Ultimately, the D.C. City Council will have the final say on the exchange’s decision. Whether councilmembers will decide to allow D.C. residents to purchase insurance outside the exchange is anybody’s guess at this point.
For Natalie, the exchange’s decision means tremendous uncertainty surrounding how her present medical issues will be resolved. She especially doesn’t want to lose her primary-care physician.
“Right after the accident, I was experiencing some pain and some numbness in my right fingers,” Natalie said. “I didn’t think it was a big deal, but I called my physician anyway. She insisted that I come see her.”
After an evaluation, Natalie’s doctor referred her to an orthopedic surgeon. The orthopedic surgeon ordered an MRI that showed extensive damage to Natalie’s neck. He said she will need surgery that will involve replacing one of the discs in her neck with an artificial disc. It will also involve fusing some of the vertebrae by inserting titanium rods into them.

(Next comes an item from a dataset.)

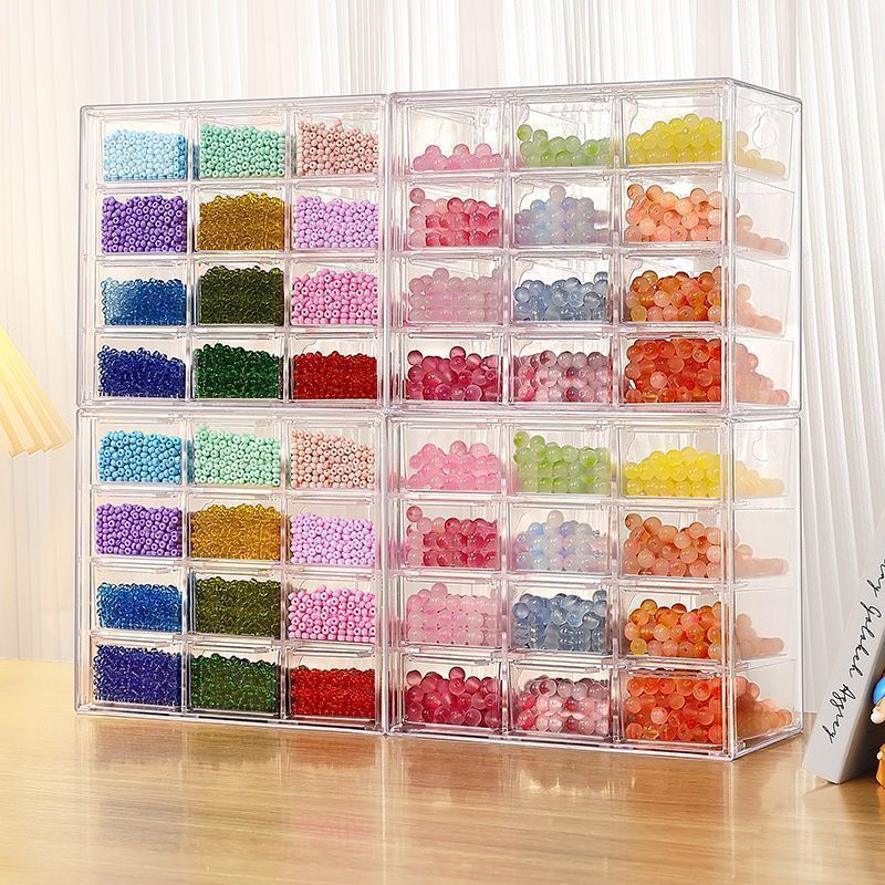 ビーズビーズ手作りビーズ透明手串材料ボックスデスクトップ収納ボックス引き出し式収納整理防塵

Natalie wasn’t sure about the surgery, so her primary-care physician referred her to a physical therapist. The physical therapist has helped Natalie manage her pain so that she now only has major pain episodes every two to three weeks. Her primary-care physician also referred her to a neurosurgeon for a second opinion. The neurosurgeon told Natalie that there might be ways she could manage her pain, but in all likelihood she would still need the operation.
“I’ve become very partial to physicians and my physical therapist,” Natalie said. “I want them to continue in their care.”

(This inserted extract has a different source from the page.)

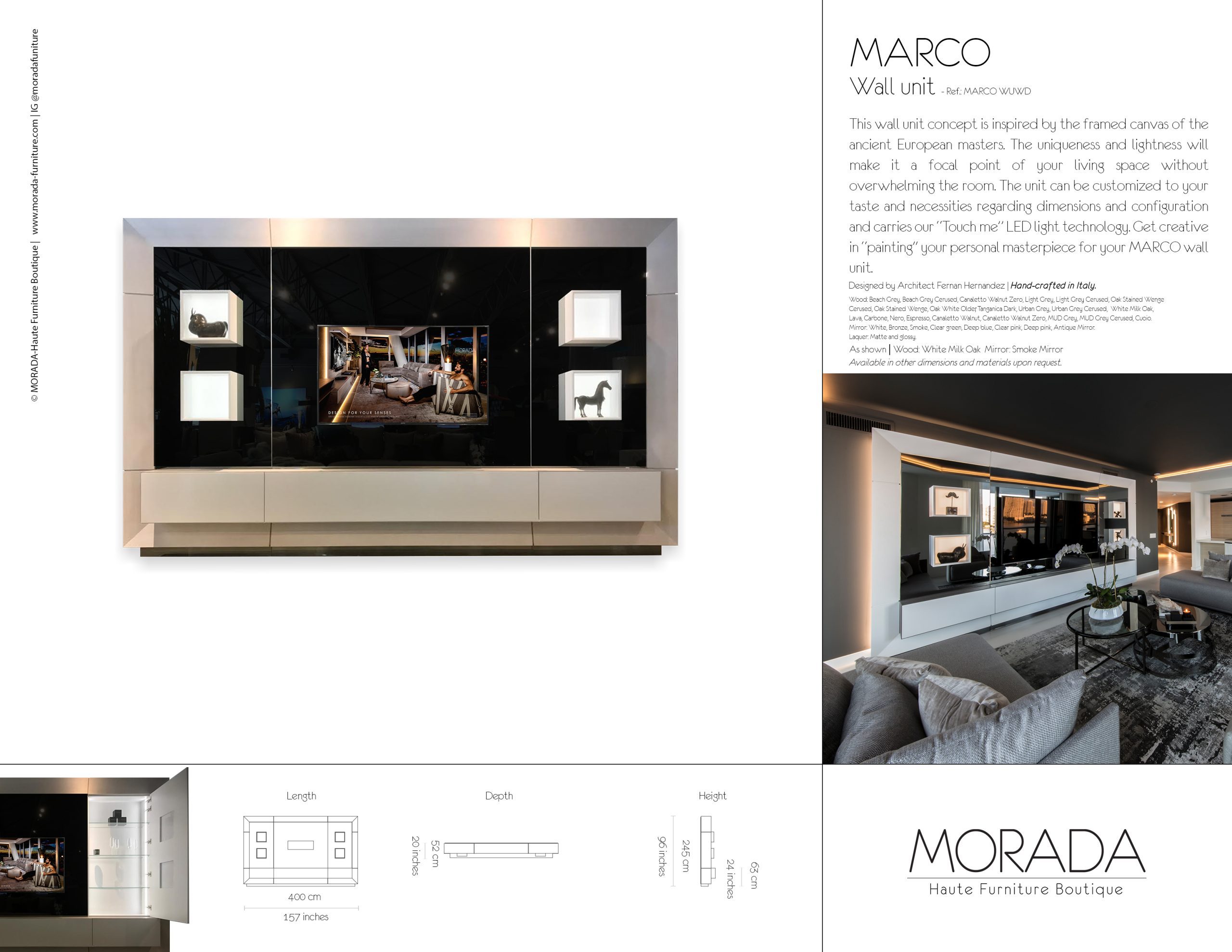 This wall unit concept is inspired by the framed canvas of the ancient European masters. The uniqueness and lightness will make it a focal point of your living space without overwhelming the room. The unit can be customized to your taste and necessities regarding dimensions and configuration and carries our ‘Touch me’ LED light technology. Get creative in painting your personal masterpiece for your MARCO wall unit.

Natalie increasingly thinks that she’ll have the surgery. However, she notes that if she could keep her insurance and her medical team indefinitely, she’d have the luxury of waiting a year or two to see if she could get the pain under control (or at least live with the pain she has) and avoid an operation. Now, she may have to decide on an operation within a few months so that her current physicians can treat her.
Unfortunately, Natalie’s travails may not end there. Fusing two vertebrae often puts pressure on the disc underneath the two vertebrae, causing it to weaken. More treatment — possibly even another operation — could be down the road if that happens.
At times, Natalie feels her trust in progressive leadership was betrayed.
“I voted for Obama in 2008 because I couldn’t stand McCain,” she said.
During the debate over Obamacare, President Obama assured the American people, “No matter how we reform health care, we will keep this promise: If you like your doctor, you will be able to keep your doctor. Period. If you like your health care plan, you will be able to keep your health care plan. Period. No one will take it away. No matter what.”
Natalie may lose both.
“I can’t say how disappointed I am because I believed him,” laments Natalie.